Since I first challenged all of us at AUB to become more intellectually accomplished than we are economically elite, we have almost trebled the number of students on full scholarships, with almost a quarter of our community enjoying that privilege this last academic year, the highest number on record for fifty years. In the Lebanese parliamentary elections of May 15, 2022, seven AUB faculty members from four faculties stood as candidates, all conducting themselves with courage, integrity, and equipoise. In five years since restoring tenure to AUB for the first time in 33 years, 200 faculty members have earned this vital protection of academic excellence.

And as I told our new graduates, the ties that bind them to AUB are far more tensile than they might imagine.
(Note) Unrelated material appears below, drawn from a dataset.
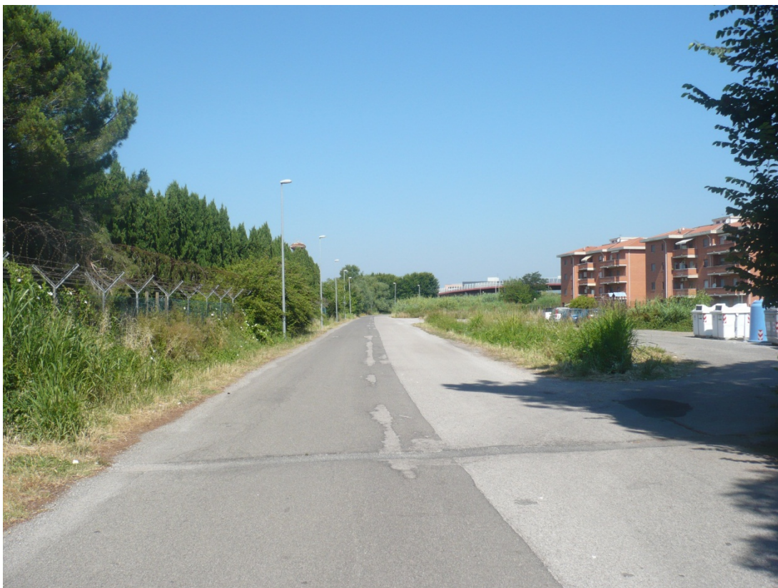
Immagine 5 Via degli Olmetti vista in direzione ferrovia Pisa Livorno

I also reminded them that time is ephemeral, but that as the Reverend Martin Luther King stated in 1968 at the National Cathedral in Washington, DC just a few weeks before he was assassinated: “The arc of the moral universe bends towards justice.” For many of them, the arc may seem imperceptible, but I am confident they will learn over time that it indeed bends inexorably toward justice. It is vital to acknowledge that justice on earth does not occur absent effort. We must all contribute to bending the arc of that moral universe in the direction of social and environmental justice.

Anne Brontë published two novels in her short life. In Agnes Grey, she speaks about human resilience: “The ties that bind us to life are tougher than you imagine, or than anyone can who has not felt how roughly they may be pulled without breaking.” All of us living in Lebanon these past few years have felt near the breaking point. But by sticking together and sticking up for each other, by holding fast to the “ties that bind,” we can weather any storm.

Undoubtedly, our graduates will face further challenges, but they will not face them alone. They have built deep and binding ties to the American University of Beirut and its community, both here and abroad. More than 75,000 alumni and legions of friends and allies of this university await, ready to help them forge their own personal paths. They too savor the ties that bind.